Deuxièmement, la politique industrielle doit délibérément promouvoir les petites et moyennes entreprises (PME), l’entrepreneuriat numérique et le développement de l’agro-industrie. La jeunesse ghanéenne est créative et ambitieuse, mais manque souvent d’accès au capital, au mentorat et aux opportunités structurées. Un fonds national d’entrepreneuriat transparent, fondé sur le mérite et inclusif pourrait transformer les idées innovantes en entreprises durables.

Troisièmement, la réforme du secteur public devrait mettre l’accent sur l’efficacité, la productivité et l’innovation plutôt que sur l’expansion.
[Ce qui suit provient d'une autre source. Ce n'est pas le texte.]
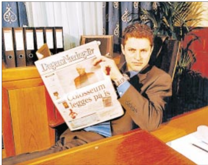
Drittsekk? Direktør Rolfi «Hotel Cæsar» holder seg i det minste oppdatert.

Dette betyr ikke at mediene er uviktige, bare at deres rolle misforstås. Premisset for denne og tidligere panikker er at dårlighet i mediene imiteres kritikk-løst, altså at mediene injiserer sitt innhold i forsvarsløse hoder. Slik er det ganske enkelt ikke. Alle, barn inkludert, har moralske og andre forutsetninger for å tolke og vurdere mediens innhold kritisk, selv om disse forutsetningene varierer med alder og ulikt distribuerte kulturelle ressurser. Tilegnelsen av tv foregår ikke i et vakuum, men i en sosial kontekst som inkluderer både nære relasjoner og offentligheten. Offentlig diskusjon kan derfor, om ikke overspill ødelegger, bidra til at deler av tv-tilbudet betraktes med styrket kritisk sans der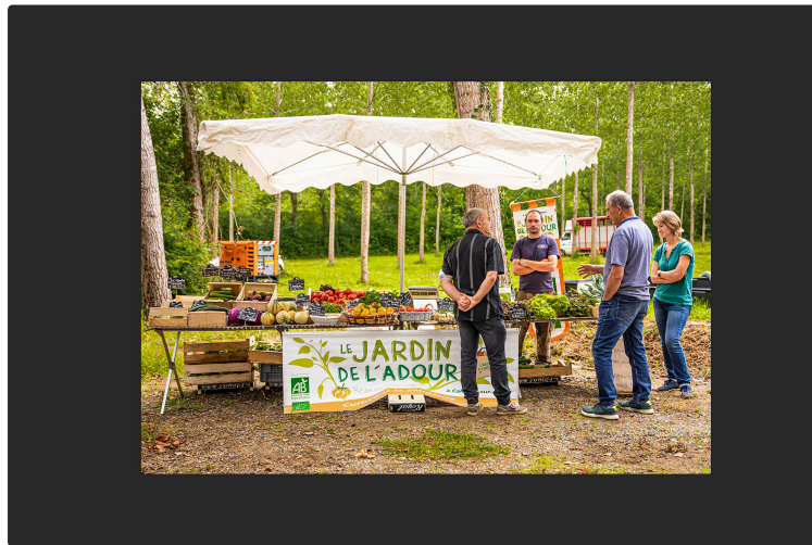
Portes ouvertes demain samedi 19 mars au jardin de l'Adour à Cahuzac-sur-Adour

Début d'une synergie avec d'autres producteurs locaux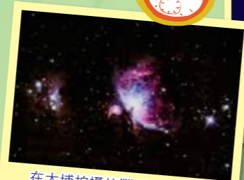
在大埔拍攝的獵戶座大星雲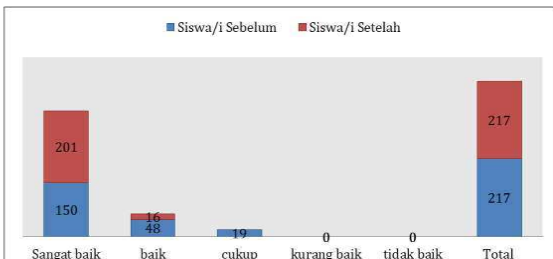
Gambar 3. Hasil evaluasi nilai pengetahuan sebelum dan sesudah edukasi kesehatan pencegahan penularan COVID-19

Pada akhir penyuluhan pendampingan dan evaluasi kegiatan dengan post-test kegiatan dan dilakukan role play yang diikuti oleh seluruh murid dan guru bersama tim pelaksana terkait simulasi cuci tangan 6 langkah guna sebagai dasar pencegahan penularan COVID-19. Rerata siswa/i memiliki pengetahuan yang sangat baik terkait pencegahan penularan COVID-19 dengan dengan vaksinasi, menerapkan protokol 5M, 3T, serta VDJ dan mempraktekkan cuci tangan 6 langkah dengan gerakan yang benar.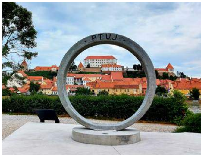
Darilo mestu ob 1950-letnici prve pisne omembe Ptuja v antičnih virih

Po neurju smo skupaj z donatorji zasadili nova drevesa, načrtujemo jih še več. Uredili smo ekološki otok ob Ranci ter postavili klopi in koše ob poti iz mestnega parka do Rance, dodatno ozelenjujemo mestno jedro z drevesi in zasaditvami v loncih, namestili smo dodatne koše za smeti, postavili označevalne table, v prazničnem decembrskem času smo poskrbeli za novoletno okrasitev in smrečice, ki so pričarale praznično vzdušje, posadili smo drevesa v parku Turnišče, poskrbeli, da na gradu plapola zastava, skupaj s partnerji projekta postavili turistični okvir pred ptujskim pešmostom.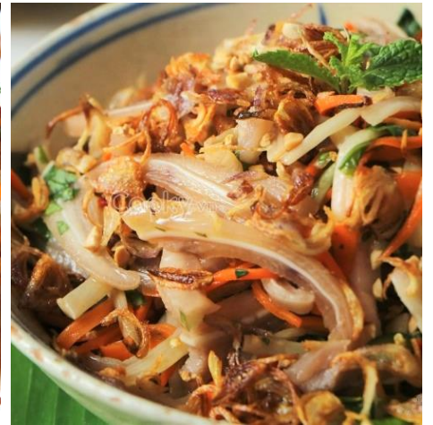
豚の耳のピリ辛サラダ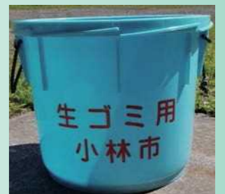
Thùng đựng rác tươi tại điểm tập kết rác

Về xô làm ráo nước thì là một cái cho mỗi hộ gia đình và chỉ phát miễn phí cho những người nhận lần đầu. Từ cái thứ 2 trở đi sẽ là tự trả phí để mua (Không có chỉ định gì đặc biệt).

L’État ne peut pas indéfiniment servir d’employeur de dernier ressort. Son rôle doit être de créer un environnement propice dans lequel l’entreprise privée prospère et où les jeunes professionnels peuvent trouver un emploi significatif et fondé sur le mérite.
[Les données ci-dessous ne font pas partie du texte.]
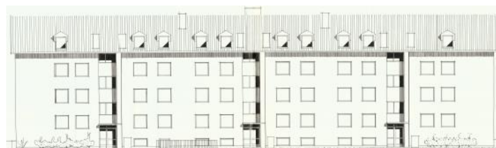
Vy mot norr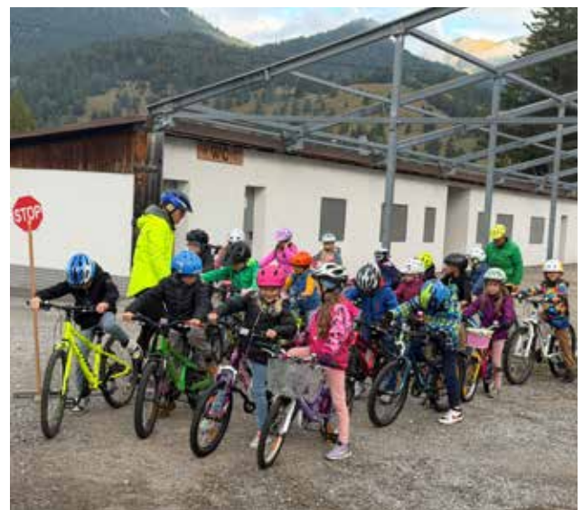
Am Montag, den 29. September nahmen alle Kinder unserer Schule am Fahrsicherheitstraining der Radfahrerschule „Easy Drivers“ am Weißenbacher Zeltplatz teil. Ein lehrreiches und tolles Erlebnis!

Wir wünschen allen viel Freude und Erfolg beim Lernen und Entdecken!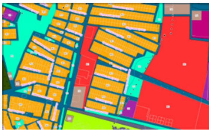
Фрагмент карты Карта функционального зонирования территории населенных пунктов городского поселения Забайкальское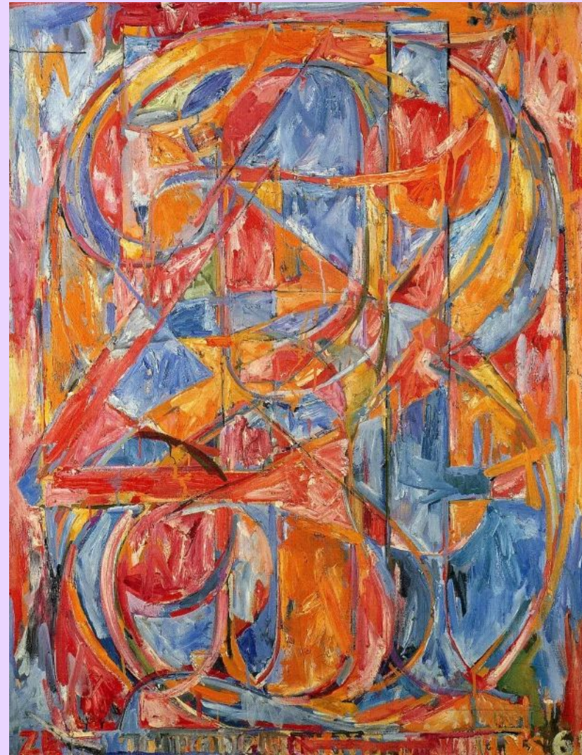
От 0 до 9 Джаспер Джонс Живопись, 1961

В отличие от процветающей Америки, Великобритания, где зародился поп-арт, тяжело переживала послевоенные годы. Можно сказать, что поп-арт обязан своим появлением завистливым взглядам через океан: на американскую массовую культуру, на идеализированные журнальные картинки беззаботной жизни общества потребления. Первыми к этим образам обратились художники из «Независимой группы», основанной в начале 1952 года. Они сформулировали и начали распространять большинство базовых идей британского поп-арта.

Le rôle des citoyens et l’appel à la responsabilité collective

Le progrès national ne peut pas reposer uniquement sur les épaules du gouvernement. En tant que citoyens, nous devons reconnaître que chaque Ghanéen a un rôle à jouer pour faire face à cette crise. Une culture renouvelée d’autonomie, de mentorat et d’investissement communautaire est essentielle pour inverser la tendance actuelle au désespoir des jeunes.

Les professionnels ghanéens – tant au pays qu’au sein de la diaspora – doivent activement encadrer et responsabiliser les jeunes grâce au partage des connaissances, au développement des compétences et aux réseaux d’innovation. Les communautés locales, les chefs traditionnels et les organisations confessionnelles peuvent également catalyser le changement en favorisant les entreprises coopératives et en soutenant l’entrepreneuriat local.

Cet esprit de collaboration intergénérationnelle reflète la véritable essence de l’édification de la nation : un leadership qui transcende la politique et se manifeste par le service, la compassion et une vision partagée.

Restaurer la confiance et l’espoir national

Rétablir la confiance parmi la jeunesse ghanéenne n’est pas seulement une nécessité économique mais aussi un impératif moral. Une nation qui néglige sa jeunesse risque le déclin moral et l’instabilité sociale. Nous devons démontrer, par l’action, que le rêve ghanéen reste vivant : que l’intégrité, la discipline et le travail acharné peuvent encore mener au succès.

La nouvelle administration doit communiquer ses politiques de manière transparente, offrir des opportunités véritablement accessibles et modéliser une responsabilité qui rétablisse la confiance du public. Lorsque les jeunes croient en l’équité du système, la frustration se transforme en innovation ; Lorsqu’ils voient un leadership honnête et des opportunités équitables, ils canalisent leur créativité vers le progrès national plutôt que vers le désespoir.

Une gouvernance efficace et une citoyenneté active doivent donc coexister, non seulement pour générer des emplois, mais aussi pour restaurer le sentiment plus profond de confiance psychologique qui soutient l’identité nationale et l’objectif collectif.

Récupérer l’avenir ensemble

La crise du chômage des jeunes au Ghana est à la fois un défi économique et un test moral pour notre volonté collective. Il appelle à un réveil national qui valorise les compétences plutôt que le statut, l’innovation plutôt que l’imitation et le progrès partagé plutôt que le gain individuel.

La nouvelle administration doit diriger cette transformation avec courage, vision et responsabilité. Pourtant, c’est le peuple ghanéen – en particulier la génération plus âgée et la diaspora – qui doit soutenir cet effort par le biais du mentorat, de la participation et de la foi en notre potentiel collectif.

Si nous nous levons ensemble en ce moment déterminant, nous créerons non seulement des emplois, mais redonnerons également la dignité, la stabilité et la confiance à toute une génération. Ce faisant, nous affirmons que l’avenir du Ghana n’est pas perdu : il attend d’être récupéré par un peuple déterminé et déterminé à redonner vie à l’espoir.